SUPPLIED ENTRIES:
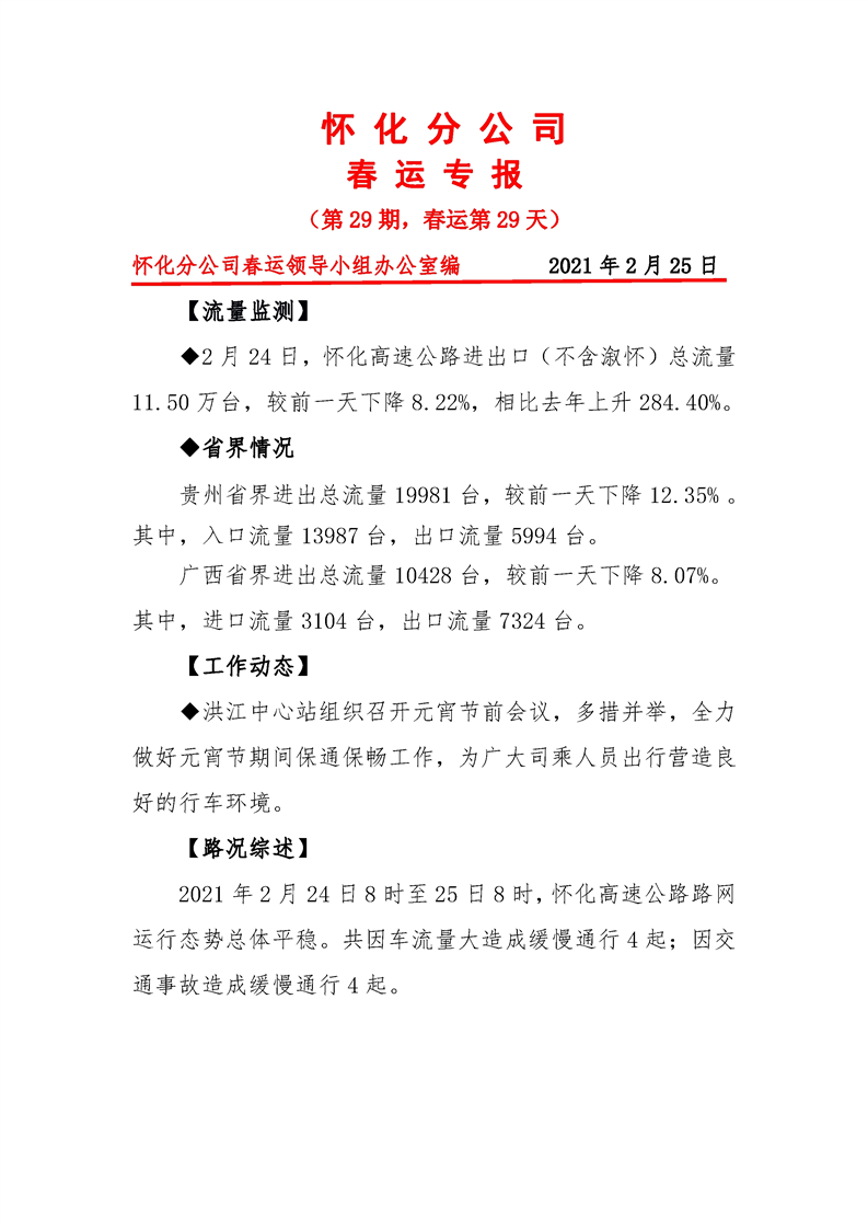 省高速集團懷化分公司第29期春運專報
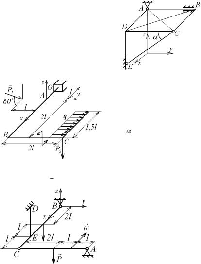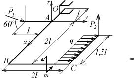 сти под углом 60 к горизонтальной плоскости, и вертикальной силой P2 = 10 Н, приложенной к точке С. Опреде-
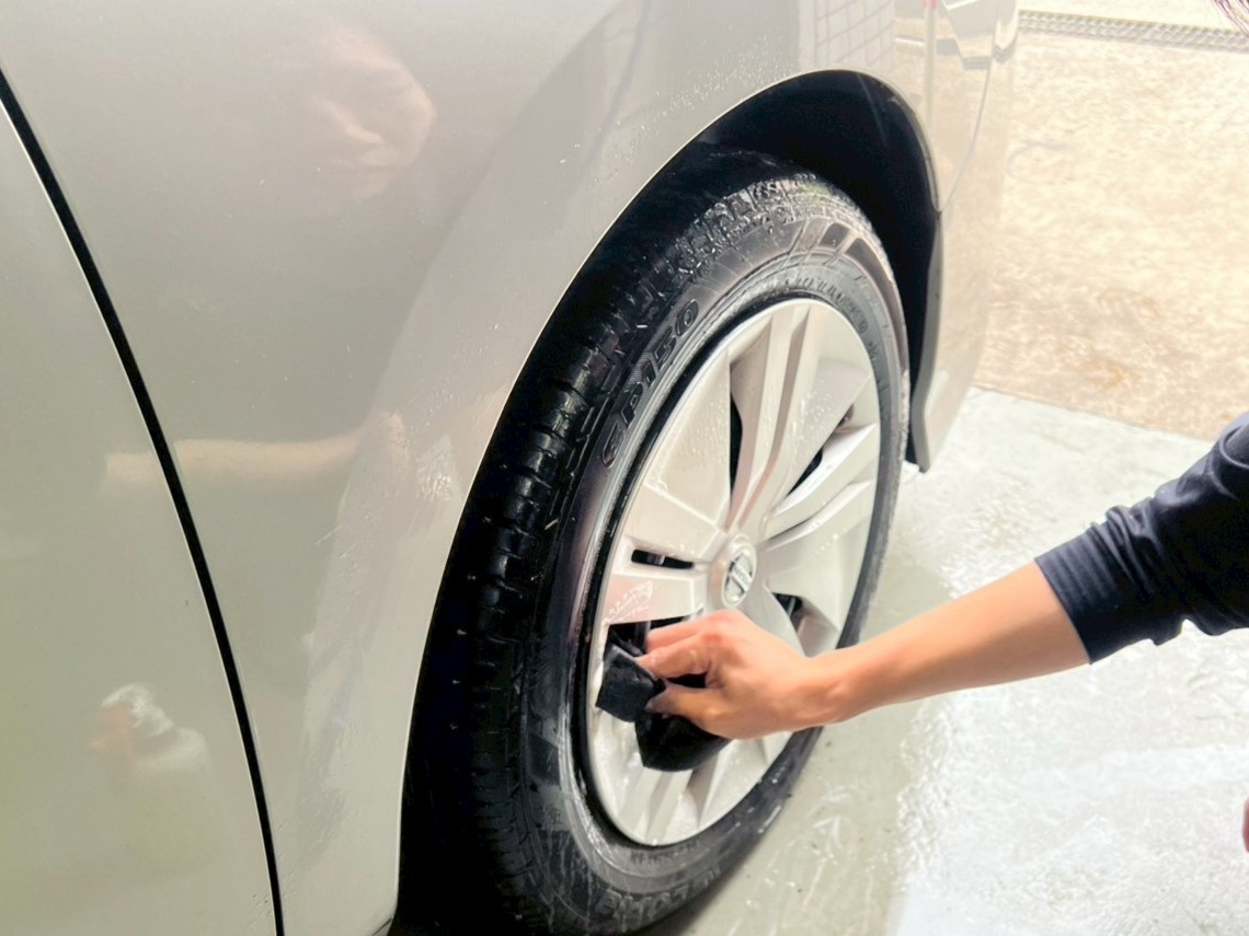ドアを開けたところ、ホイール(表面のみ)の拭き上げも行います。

--

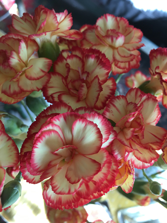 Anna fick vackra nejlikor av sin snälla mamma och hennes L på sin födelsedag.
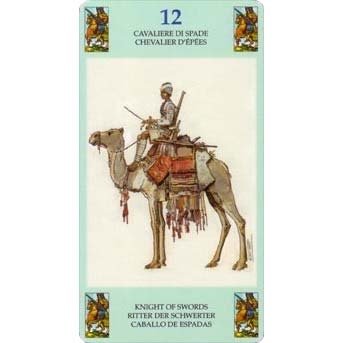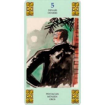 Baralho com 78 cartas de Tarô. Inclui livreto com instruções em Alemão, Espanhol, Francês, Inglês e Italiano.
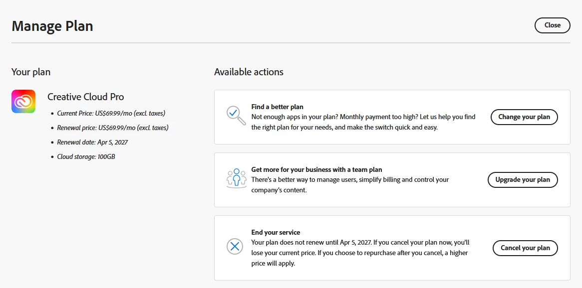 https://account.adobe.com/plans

INSTRUCTIONS FOR THE TASK: When you reach the line containing "Baralho com 78" in the entries above, begin restating word for word, and stop once the line containing "https://account.adobe.com/plans" has been given. Omit the pictures.

THE COMPLETED TASK:
 Baralho com 78 cartas de Tarô. Inclui livreto com instruções em Alemão, Espanhol, Francês, Inglês e Italiano.
 https://account.adobe.com/plans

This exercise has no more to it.